# Supplementary Material (ESI) for Chemical Communications

# This journal is © The Royal Society of Chemistry 2004

UV-visible Absorption spectra of complexes 1-5

UV-visible absorption spectrum of complex 1, in dichloromethane. (1.2 x 10-5 M)

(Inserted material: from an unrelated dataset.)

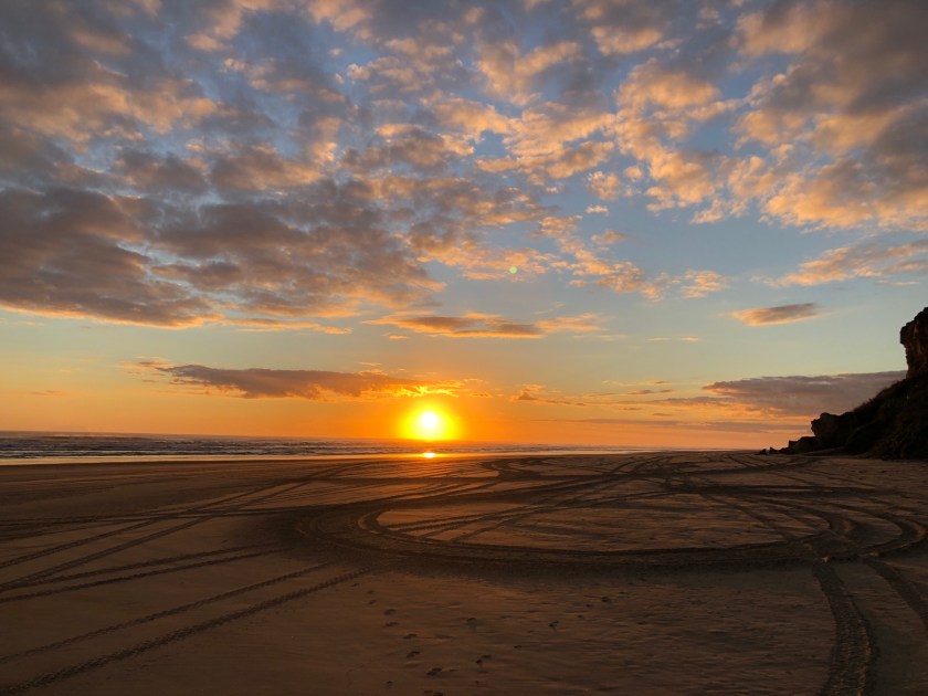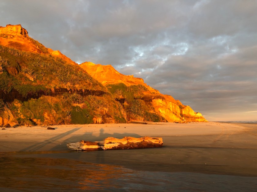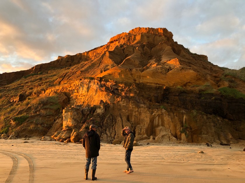 Dort angekommen, luden wir das Auto aus, fuhren schnell zum Einkaufen nach Dargaville, in die nächste Stadt, und kamen dann zurück, um mit Graham, unserem Vermieter, und seinem Hund eine Quattour im Sonnenuntergang am Strand zu machen:

UV-visible absorption spectrum of complex 2, in dichloromethane. (1.3 x 10-5 M)

UV-visible absorption spectrum of complex 3, in dichloromethane. (1.6 x 10-5 M)

UV-visible absorption spectrum of complex 4, in dichloromethane. (1.5 x 10-5 M)

UV-visible absorption spectrum of complex 5, in dichloromethane. (9.8 x 10-6 M)

Synthesis of the complexes (1-5)

Complexes 1-5 were prepared according to the following procedure:

2-(5-phenyl-4H-[1,2,4]triazol-3-yl)-pyridine (1 mmol) and the dichloro-bridged cyclometalated Iridium complex (0.4 mmol) were srirred in distilled dichloromethane (10 ml) and ethanol (3 ml) for 4-6 hours. The resulting yellow mixture was precipitated into hexanes (100 ml), while stirring. The precipitate was filtered and washed with hexanes. Purification via chromatography over silica gel, using dichloromethane/acetone mixtures afforded complexes 1-5 in 50-60% yield.

The complexes were characterised via 1H NMR, 13C NMR, 19F NMR and mass spectrometry.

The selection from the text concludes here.